Figure 3. Mutations in SLC1A1 from subjects with DA affect its function.

(A) Representative oocytes expressing WT, R445W, or I395del cRNA or noninjected oocytes (control) were clamped at –60 mV and perfused with ND96 buffer containing 100 μM (for WT and R445W) or 1 mM (for I395del and control) l-glutamate. Black scale bars represent the time (s, x axis) that l-glutamate was applied and the current size (nA, y axis). Scale is shown for time versus current. (B) The l-glutamate dose response for WT (filled circles) and R445W (open circles). Current (I_norm) was normalized to the maximal current, defined as unit I_max (WT, K_0.5 = 30 ± 4 μM and I_max = 424 ± 13 nA; R445W, K_0.5 = 2 ± 0.3 μM and I_max 53 ± 7 nA). (C) Radiolabeled l-glutamate uptake at K_0.5. (D) The l-cysteine dose response for WT (filled circles) and R445W (open circles).

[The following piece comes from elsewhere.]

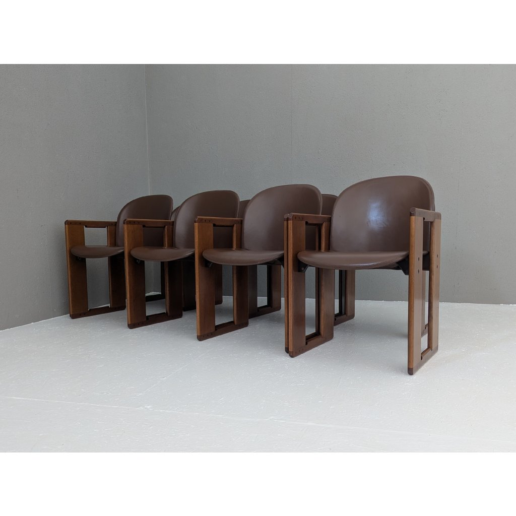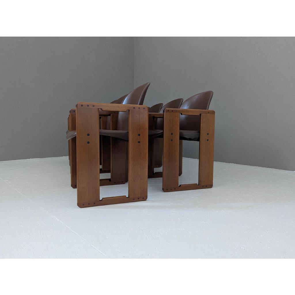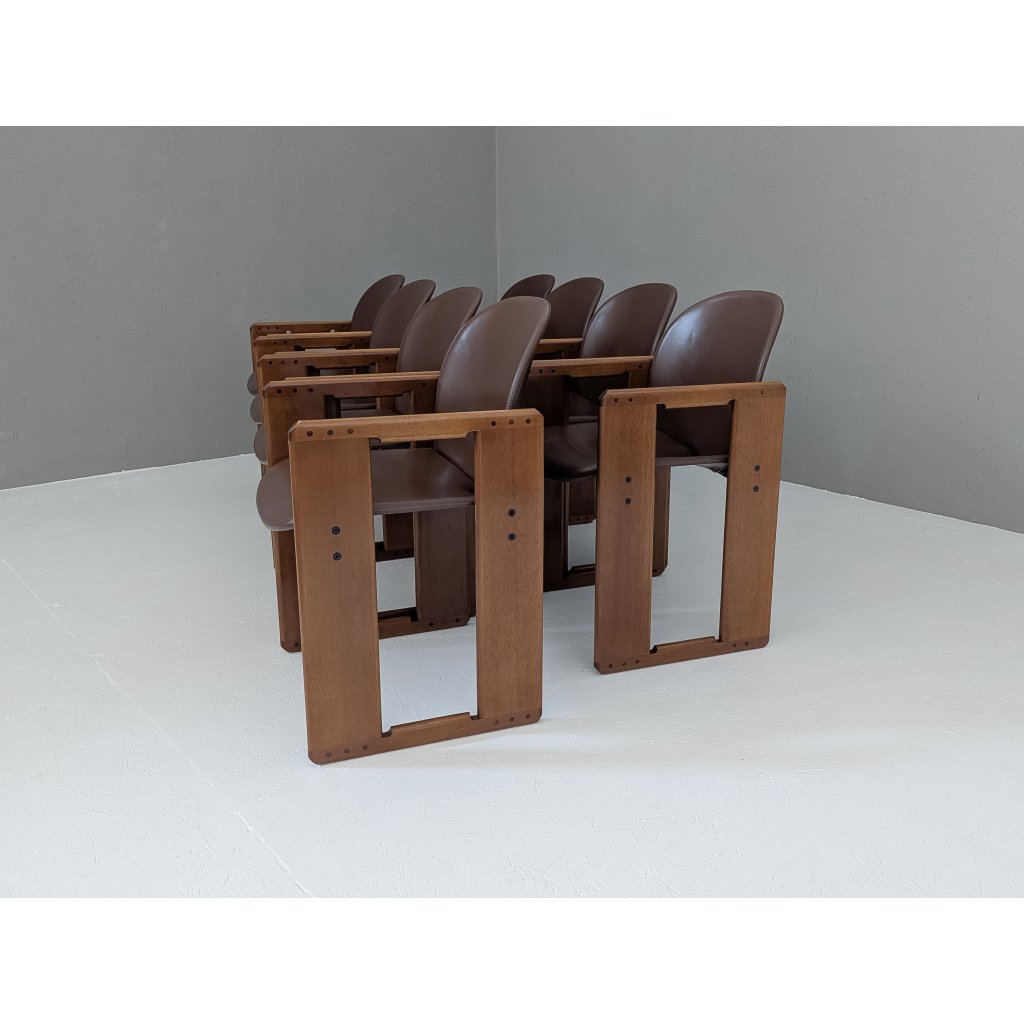 Designed in the early 1970s by the visionary duo Afra and Tobia Scarpa, the Dialogo chair is a masterclass in quiet complexity. This set of eight exemplifies the pair’s commitment to structural clarity and understated luxury — a dialogue between geometry, material, and human presence.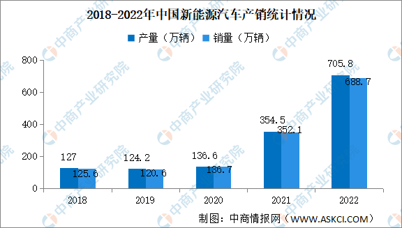 2022年12月,新能源汽車產銷繼續保持高速增長,再創歷史新高,分別達到79.5萬輛和81.4萬輛,同比均增長51.8%。2022年,新能源汽車產銷分別達到705.8萬輛和688.7萬輛,同比分別增長96.9%和93.4%。

Current was normalized to the maximal current (WT, K_0.5 = 115 ± 13 μM and I_max = 590 ± 19 nA; R445W, K_0.5 = 3.3 ± 0.1 μM and I_max = 54 ± 20 nA). (E) Radiolabeled l-cysteine uptake at K_0.5. ³H-l-glutamate and ³⁵S-l-cysteine uptake in noninjected oocytes was subtracted from the data presented (C and E, respectively). All data represent the mean ± SEM of at least 3 oocytes (in B–E). (F–H) Representative oocytes expressing EGFP-tagged SLC1A1 cRNA. (F) WT oocytes. (G) R445W oocytes. (H) Noninjected control oocytes. Scale bar: 200 μm.